7. **We define the alignment coverage as the percentage of the subject sequence covered by the alignment. Compute the alignment coverage for all sequences from the blastn output. Count and remove alignments with coverage less than 60%.**


In [None]:
df.alignment_coverage = df.length ./ df.slen;

   Show the distribution of alignment coverages as a histogram


In [None]:
histogram(100*df.alignment_coverage, label="", xlabel="Alignment coverage (%)")

   Keep only alignments with coverage greater than 60%:


In [None]:
subset!(df, :alignment_coverage => x -> x.>= 0.6);

8. **The bit score $S'$ is derived from the raw score $S$ using the formula**

   $$
   S' = \frac{\lambda S - \ln K}{\ln 2}
   $$

   In other words, the bit score is a linear function of the raw score, which we can verify immediately using a scatter plot:


In [None]:
scatter(df.score, df.bitscore)

   If $(x_1,y_1)$ and $(x_2,y_2)$ are two point on a line $y=a x + b$, the slope $a$ is found from

   $$
   a = \frac{y_2 - y_1}{x_2 - x_1}.
   $$

   Once we know the slope, the intercept $b$ is found from $b = y_2 - a x_2$. Applied to the alignment scores, we only need two pairs of scores, and might as well take the ones furthest apart:


In [None]:
i1 = argmin(df.score);
i2 = argmax(df.score);
x1, y1 = [df.score[i1], df.bitscore[i1]]
x2, y2 = [df.score[i2], df.bitscore[i2]]
a = (y2 - y1) / (x2 - x1);
b = y2 - a * x2;

   The parameters $\lambda$ and $K$ follow:


In [None]:
λ = a*log(2)

In [None]:
K = 2^(-b)

### Count VSG expression levels

From the previous BLAST results:

1. **Extract the unique VSG ids in *your* sample**


In [None]:
vsg = unique(df.sseqid);

2. **Count the number of sequences aliging to each unique VSG.**

   First create a grouped dataframe from the query and subject ids, grouped by subject id (VSG). Then combine and count number of rows in each one. 


In [None]:
df_vsg = combine( groupby(df[:,1:2], :sseqid) , nrow );
rename!(df_vsg, ["VSG", "count"]);

3. **Identify the 10 most abundant VSGs in *your* sample and visualize their relative expression levels in a pie chart.**


In [None]:
sort!(df_vsg, :count, rev=true)
pie(df_vsg.VSG[1:10], df_vsg.count[1:10] )

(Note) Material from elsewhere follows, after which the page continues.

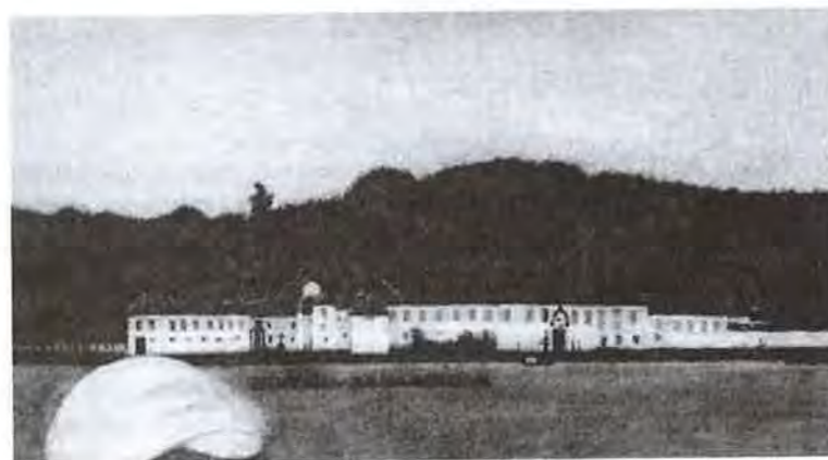
Figura 2b: Imagem da Casa da Pólvora enquanto Hospital Real Militar, fins do século XVIII

### Identify open reading frames

1. **Count the percentage of reads in *your* sample that result in a predicted ORF with a minimum size of 1200 nucleotides.**

   Read the ORF file:


In [None]:
predicted_orfs = Vector{FASTARecord}();
FASTAReader( open(datadir("PacBio_VSG", "orf", "PacBio_VSG_filtered_reads_ORF_" * sample * ".fasta")) ) do reader
   for record in reader
      push!(predicted_orfs, record)
   end
end

   The number of reads with predicted ORF with a minimum size of 1200 is


In [None]:
length(predicted_orfs)

   The percentage is


In [None]:
100 * length(predicted_orfs) / length(filtered_reads)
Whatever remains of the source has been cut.